Residents like Stevens have organized through Flooded in Flagler County, even hosting a meeting for the group to meet in person and discuss the situation at hand.
Several residents who spoke up about their flooding plights in the meeting said they are ready to go to court over the issue. Stevens told the Observer that the residents in their group were waiting to see what the council would do in the Jan. 16 meeting, but unless the city takes action, many residents in the Flooded in Flagler County group are ready to sue.
"I don't think they're taking the mistakes they've made seriously," she said.
THE NEW STANDARDS
Danko said he was proposing the committee instead of supporting a moratorium because the proposed changes to the city’s technical manual were going in the right direction to solving the issue.
Danko said. “I see no point today in pushing for any temporary pause of construction.”
The flooding issue first came to the City Council’s attention when Birchwood Drive residents Mara Weurth and Paul Fink noticed the home between theirs was filled in noticeably higher than their own properties.
But the problem is not new, residents say. Stevens said several of the members of her Facebook group — herself included — have been dealing with water collecting on their property for years.

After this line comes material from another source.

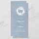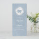 Dusty blue elegant vintage wedding programs with baby's breath wreath monogram

The problem was that new homes were required to be built to a minimum 12-inches above the crown of the road, but the city had no maximum height requirement for lots. Since then, City Manager Denise Bevan formed a specialized task force to address the issue.

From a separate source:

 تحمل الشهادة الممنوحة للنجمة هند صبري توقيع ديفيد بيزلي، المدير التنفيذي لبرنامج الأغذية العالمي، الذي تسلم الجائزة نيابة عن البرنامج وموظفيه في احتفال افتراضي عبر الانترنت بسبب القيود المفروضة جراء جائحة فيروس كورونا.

Section 300 of the city’s technical manual, outlining the Stormwater permit requirements, is what is currently being updated and reviewed, Stormwater Deputy Director Lynn Stevens said during her and Director Carl Cote’s presentation.
Lynn Stevens said the task force has 163 properties with flooding issues and staff has visited 97 of them so far. The remaining 66 should be finished by the end of January, she said.
Lynn Stevens said during their investigations, staff found that one problem causing the standing water is the existing homes were built to drain onto vacant lots, and when the new homes are built on their lots, the pre-existing homes are now retaining their own stormwater.
Ground compaction over time also changes the water flow of a lot, she said, as do homeowner modifications like clearing trees, re-sodding or re-landscaping.
The changes made to the manual relating to stormwater are as follows:
A 22" maximum finished floor height; a maximum 10" height differential between the new home and existing homes; the front property line must be equal to the edge of the road, instead of the crown of the road.
Cote and Stevens also said there were several additional items staff was considering that needed more research before being implemented: requiring gutters on homes using the maximum building space, requiring a certification by an engineer in addition to the licensed surveyor for the final lot grade, and requiring silt fencing on all infill lot construction sites.
Palm Coast Mayor David Alfin suggested adopting the items in the future considerations as well “and take our lashes down the road.” He said he would trust that other cities that have enacted similar policies have not done so illegally or against the Florida Builder Code.
Pontieri did not agree, pointing out that Lynn Stevens and Cote just said the items needed more research to ensure compliance.
The council passed a motion to adopt the additional measures in a 4-1 vote, with Pontieri dissenting.
“We shouldn't haphazardly just pass these things in order to avoid a 45-day pause,” Pontieri said. “We have to get this right.”
Danko asked Cote to assure the public that the new standards meant "that we're not going to have this problem moving forward."
"These changes are going to have a positive impact," Cote said.
“In that case, hopefully we’ve solved this problem moving forward,” he said.
A previous version of this story misspelled Krystal Kirkland's name.